The Clinical Documentation Improvement (CDI) Auditor is responsible for performing audits on CDIS reviews of inpatient encounters to ensure the Clinical Documentation Integrity Specialists capture all available opportunities to clarify provider documentation and therefore ensuring accurate and complete documentation specificity. The CDI Auditor will monitor the CDI Specialists compliance with CHRISTUS Health query policy to ensure all queries are compliant with coding requirements in alliance with AHIMA guidelines. Requires the CDI Auditor to be highly proficient in the proper assignment of ICD-10-CM/PCS codes, to demonstrate a broad and complex clinical knowledge base, and the ability to critically analyze the CDI process, clinical documentation and opportunities for appropriate and complete documentation in the medical record.
- At the direction of the Clinical Documentation Manager of Audit/Education the CDI Auditor will consistently and accurately audit clinical documentation of inpatient encounters and create clear/concise audit reports and maintain productivity standards.
- Uses comprehensive understanding of coding guidelines, AHA Coding Clinics, anatomy, physiology, and appropriate coding/diagnostic references along with the ability to employ these resources to audit findings.
- Uses knowledge of MS-DRG classification and APR-DRG classification and various reimbursement structures, and collaboration with CDI educator and other leadership to develop a program for ongoing CDI education as it relates to proper clinical coding, capture of patient care, severity and the need for accurate and complete documentation in the health record for new staff, coders, physicians, residents, nursing and allied health professionals.
- Create clear and accurate audit findings and recommendations in written audit reports that will be used for advising and educating CDI Specialists, Auditors, Managers, and Directors throughout the organization.
- Identifies documentation issues (lacking documentation, missed physician queries, etc.) that impact coding accuracy. Clearly communicates (verbally and in written reports or summaries) opportunities for documentation improvement related to coding and CDI issues.
- Stays current with AHA Official Coding and Reporting Guidelines, CMS and other agency directives for ICD-10-CM/PCS.
- Completes online education courses and attends mandatory workshops and/or seminars for CDI.
- Reviews AHA coding clinics quarterly and coding update publications.
- Attends all internal conference calls for CDI related topics and performance.
- Is current with ACDIS/AHIMA standards for CDI processes.

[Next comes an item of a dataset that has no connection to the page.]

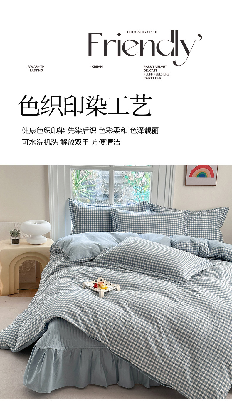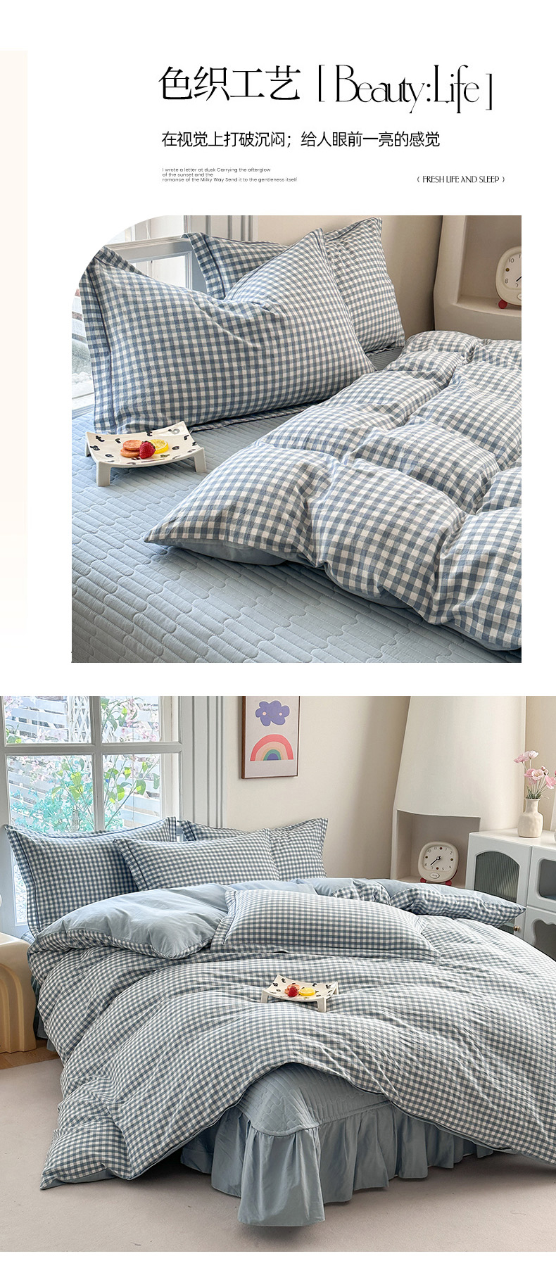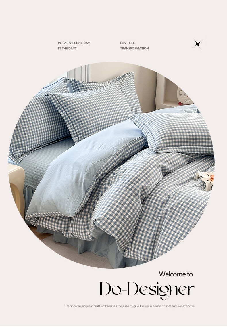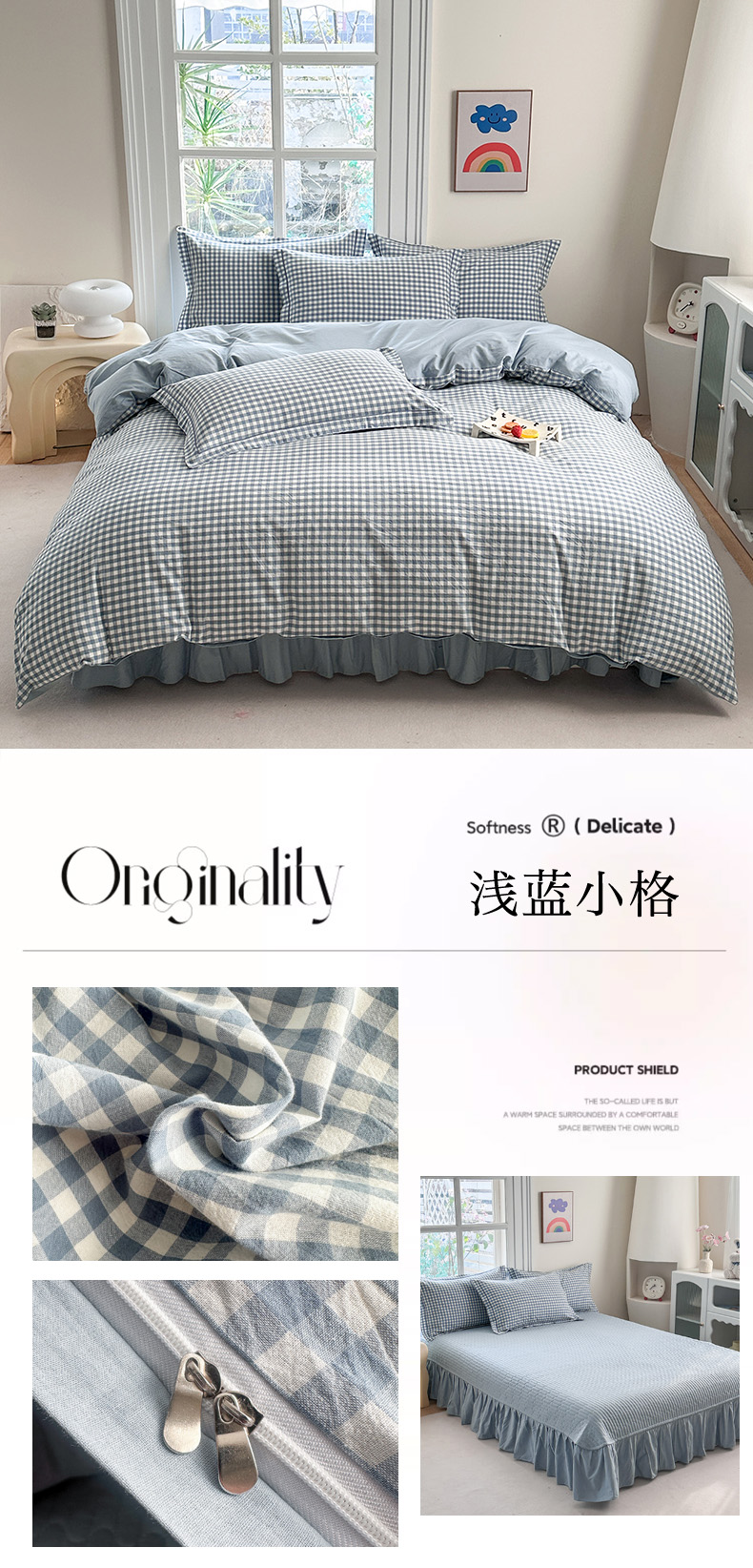 金窝窝家纺 2025新款全棉色织水洗棉床盖四件套 浅兰小格
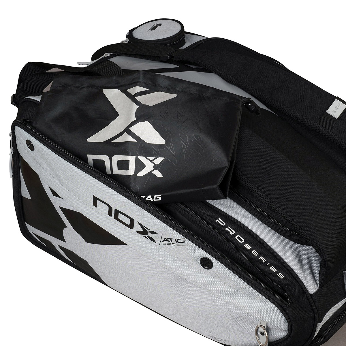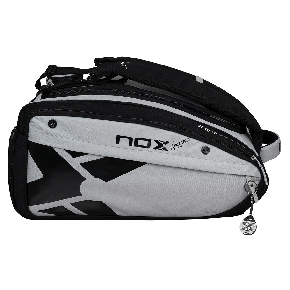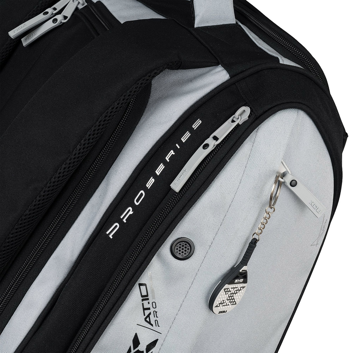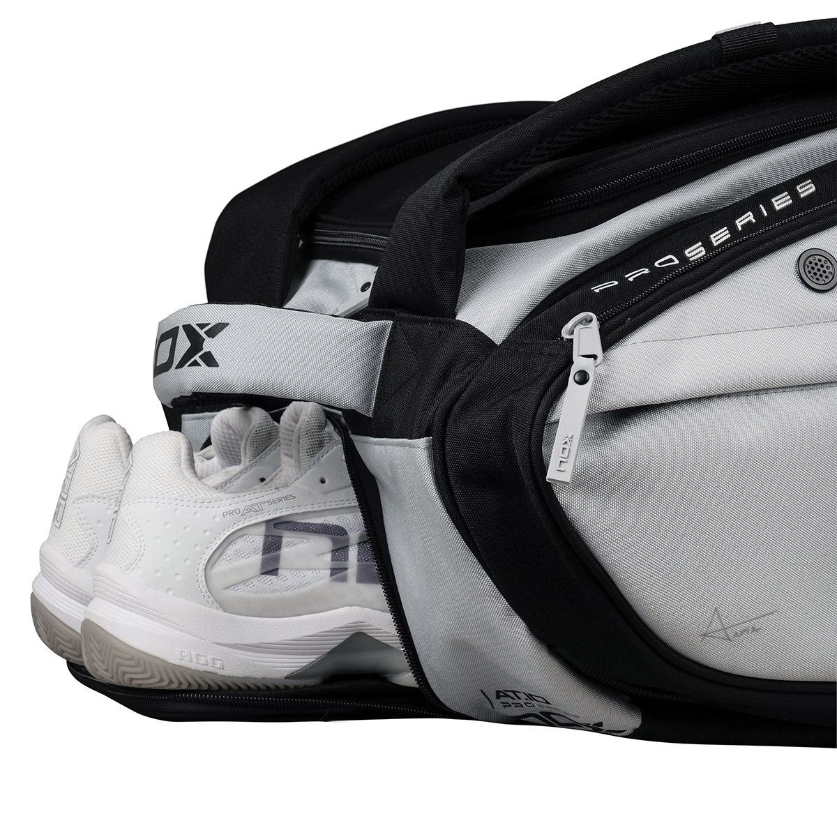 Przedstawiamy nową padlową torbę Competition XL Compact wykonaną z wysokiej jakości materiałów i posiadającą nowy design inspirowany kolorami najlepszej padlowej rakiety AT10 Luxury GENIUS 18K Alum - szarym i czarnym.

- Other responsibilities around audit, education and CDI performance as requested by CDI leadership.
- A Bachelor’s degree in a clinical or healthcare field is required.
- Highly proficient computer and technical skills, 3M360, Epic and Meditech.
- Must demonstrate excellent interpersonal skills.
- Ability to demonstrate initiative and discipline in time management and assignment completion.
- 3-5 years of Clinical Documentation Integrity experience in an acute care setting.
- Must be detail oriented and proven ability to work independently in a fast-paced environment.
- Proven ability to manage a large scope of work in a time intensive and impact driven setting.
- Ability to work under minimal supervision.
- Position may require occasional travel for meetings and onsite support to CDI teams at the direction of the Manager of CDI Audit/Education.
- MBBS, and CCDS OR CDIP, CCS certification are required.
- ECFMG certification is highly preferred.